What is true, however, is that if $T$ is diagonalisable, then the algebra generated by $T$ inside $\text{Mat}_n(\mathbb R)$ -- that is, all operators of the form $p(T)$ where $p$ is a polynomial -- contains the projection operators to the eigenspaces of $T$. This is because $T$ is diagonalisable precisely when it satisfies $m(T)=0$ where $m(t)$ is the polynomial $(t-\lambda_1)\ldots(t-\lambda_k)$ where the $\{\lambda_i: 1\leq i \leq k\}$ is the set of eigenvalues of $T$.

Indeed if $T$ is diagonalisable, say $T=Q\Lambda Q^{-1}$ where $\Lambda = \text{diag}(\mu_1,\ldots,\mu_n)$ then since $m(T)=0$ if and only if $$ 0=Q^{-1}m(T)Q=m(Q^{-1}TQ)=m(\Lambda), $$ it is enough to check $m(\Lambda)=\prod_{i=1}^k(\Lambda-\lambda_i.I)=0$. But all the matrices $\Lambda-\lambda_i.I$ are diagonal, and so the product is just given by the products of the diagonal entries, and for each $\mu_j$ there is some $i$ with $\lambda_i = \mu_j$, that is $\Lambda_{jj}-\lambda_i=0$, hence $m(\Lambda)=0$ as claimed.

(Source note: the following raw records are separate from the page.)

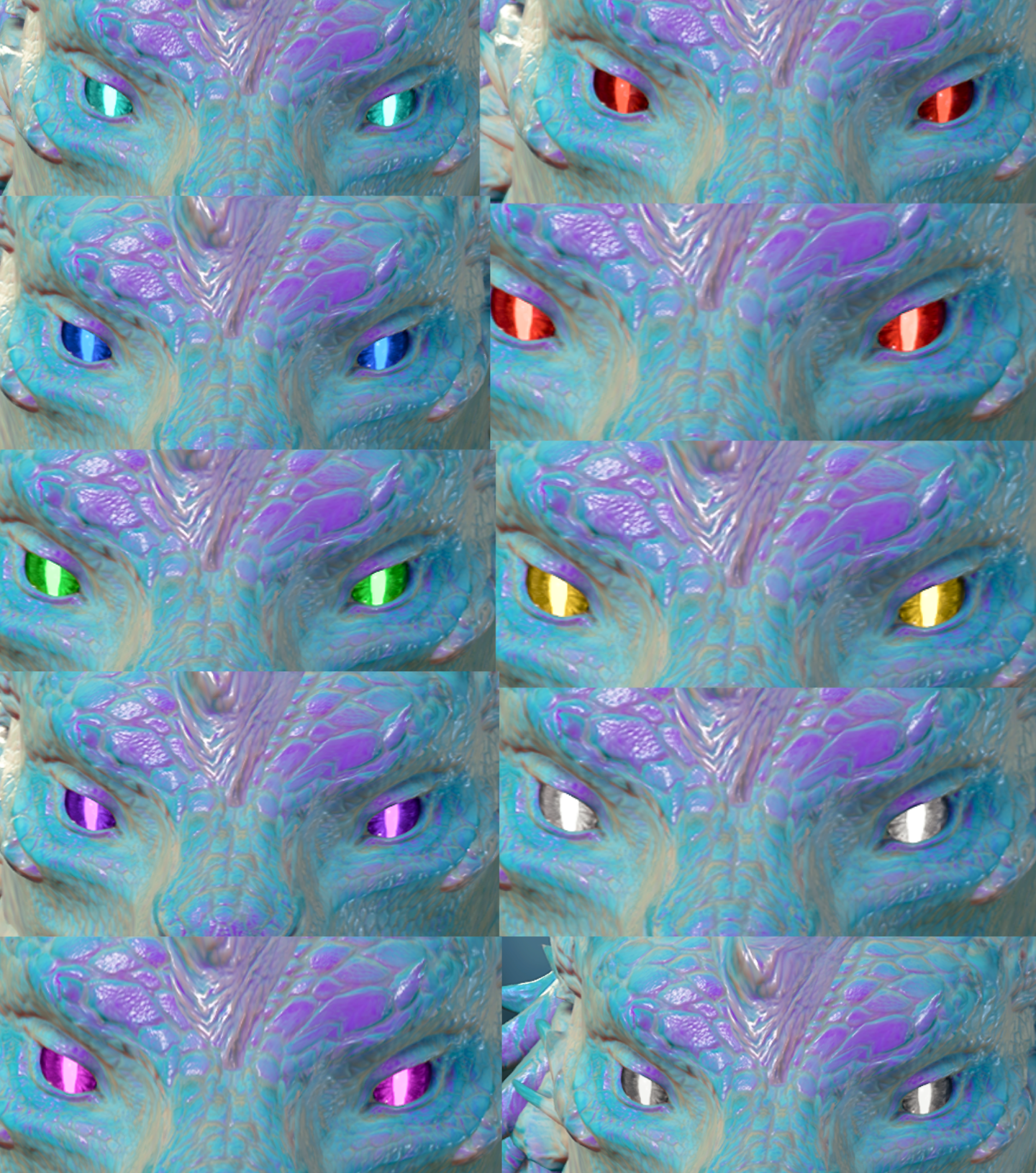 一组适用于《上古卷轴5:天际》中龙裔角色的独特发光眼和全彩色眼的配色方案。其中一种可以应用于其他种族,但另一种会使其他种族的眼睛虹膜变为红色。
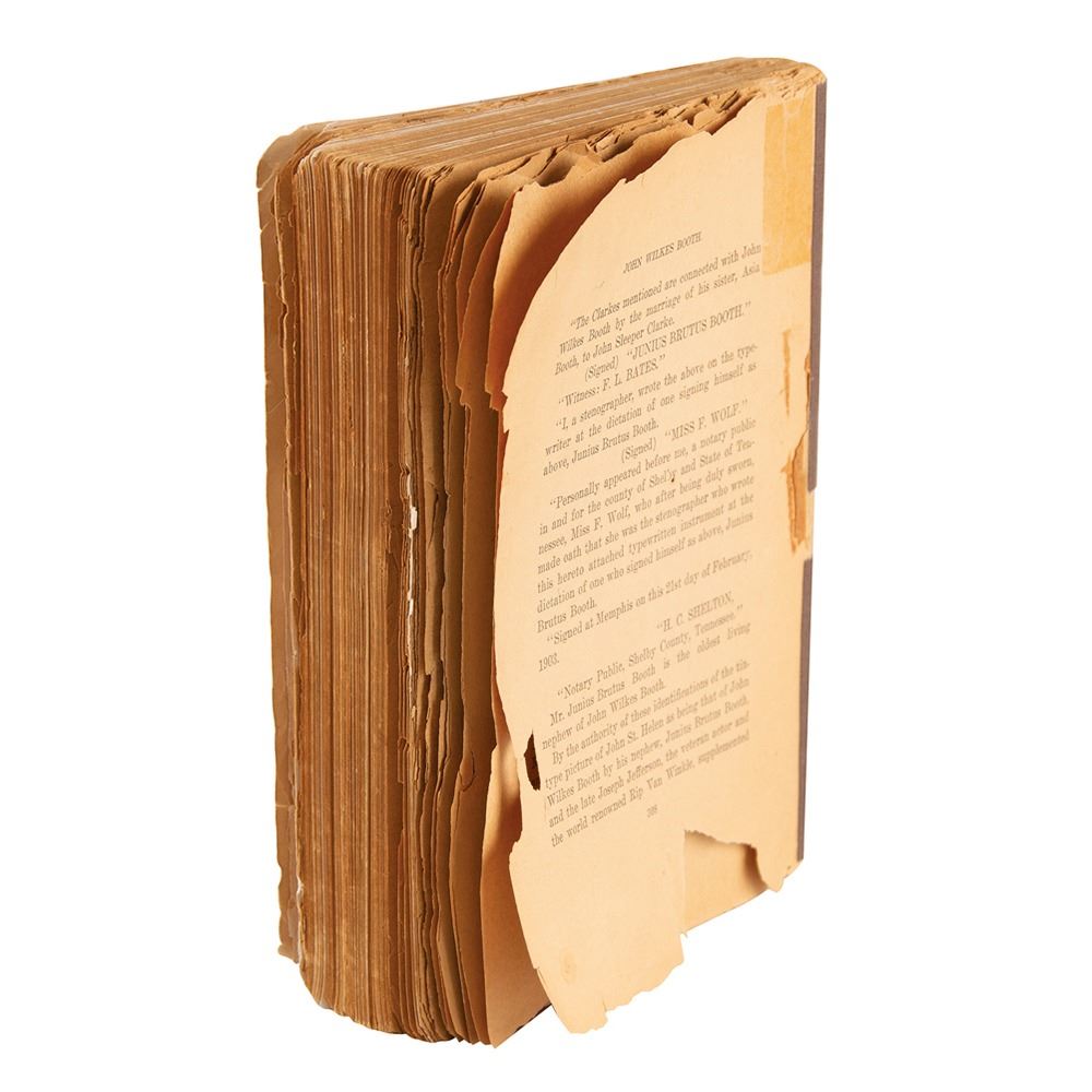 Scarce unsigned book: The Escape and Suicide of John Wilkes Booth by Finis L. Bates. First edition. Memphis, TN: The Historical Publishing Co., 1907. Paperback, 5.25 x 7.5, 308 pages. The title page describes the work as "the first true account of Lincoln's assassination, containing a complete confession by Booth many years after the crime, giving in full detail the plans, plot and intrigue of the conspirators, and the treachery of Andrew Johnson, then Vice-President of the United States." In poor condition, with tape repairs to spine and some interior pages, heavy creasing and tears to front cover, rear wrapper missing, and various tears, chips, and paper loss to edges.
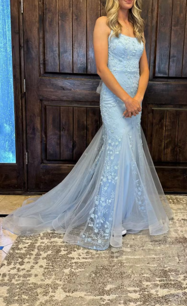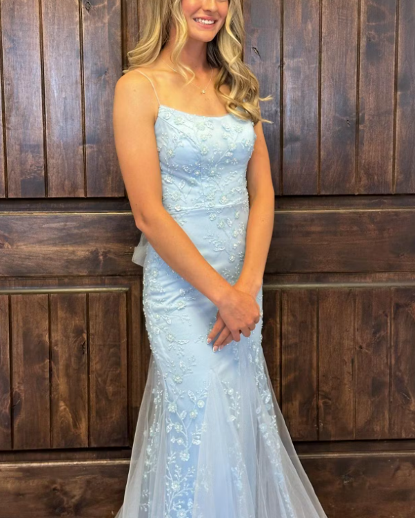 Spaghetti Straps Mermiad Blue Beaded Tulle Sequin Prom Dress with Appliques ED01310
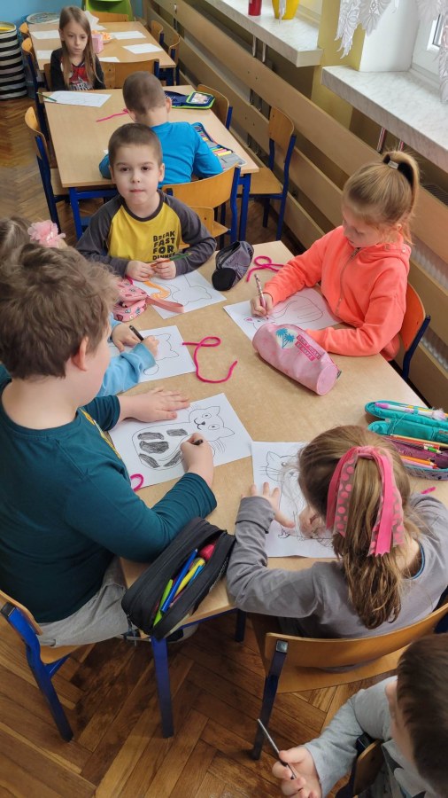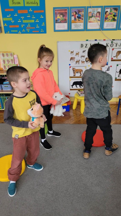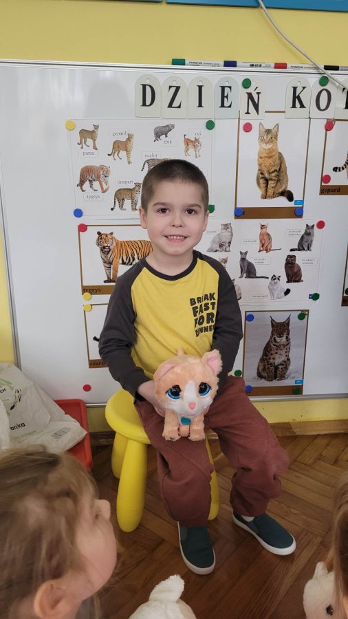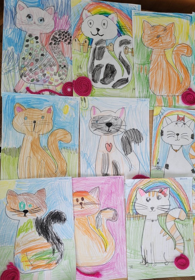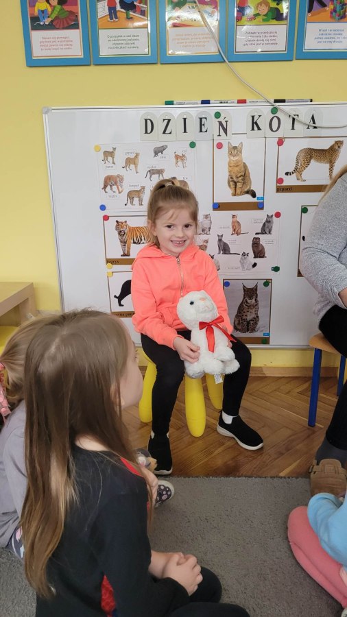 Dzień Kota Słoneczka zaczęły od przyniesienia z domu kocich maskotek, figurek, książek związanych z kotami, aby lepiej poznać zwyczaje tych wyjątkowych zwierząt. Były wesołe „kocie zabawy”, rozwiązywanie zagadek o kotach, zabawy z włóczką, wykonywanie kociego portretu, a także śpiewanie kocich piosenek. Celem przeprowadzonych zajęć było rozwijanie empatii; uwrażliwianie na potrzeby zwierząt oraz przekazanie informacji na temat prawidłowej opieki nad zwierzętami.
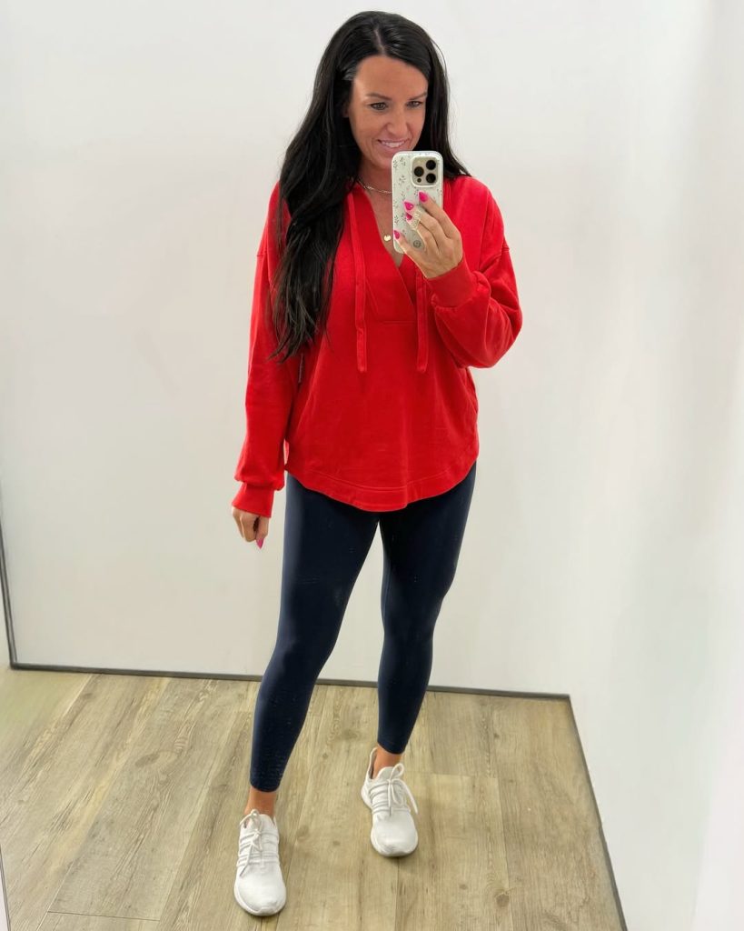 A bold red top instantly refreshes classic black leggings, creating a look that feels upbeat, confident, and easy to wear.

On the other hand, if $T$ satisfies $m(T)=0$, then one can in fact show that $T$ is diagonalisable by showing that the projection operators lie in the algebra generated by $T$! The key is the fact that, since $m(t)$ has distinct roots, we can use

Lagrange interpolation: If $\{\lambda_1,\ldots,\lambda_k\}$ is a set of $k$ distinct numbers and we let $s_i(t) = \prod_{j\neq i}\frac{t-\lambda_j}{\lambda_i-\lambda_j}$, then if $f$ is any polynomial of degree at most $k-1$, $$ f(t)= \sum_{i=1}^k f(\lambda_i)s_i. $$

Proof: First note that $s_i(\lambda_j) = 1$ if $i=j$ and $0$ otherwise. It follows that $\{s_i(t): 1\leq i\leq k\}$ are linearly independent, since if $\sum_{i=1}^k a_is_i(t)=0$, then for any $j$, $1\leq j\leq k$, setting $t=\lambda_j$ we obtain $a_j=0$. But the space $\mathcal P_k$ of polynomials of degree at most $k-1$ has dimension $k$ (since it has a basis $\{1,t,\ldots,t^{k-1}\}$) and hence $\{s_i(t):1\leq i \leq k\}$ is a basis of $\mathcal P_k$. It follows that for any $f\in \mathcal P_k$ we may write $f = \sum_{i=1}^k c_is_i(t)$, but then taking $t=\lambda_j$ again we see that $c_j = f(\lambda_j)$ as required.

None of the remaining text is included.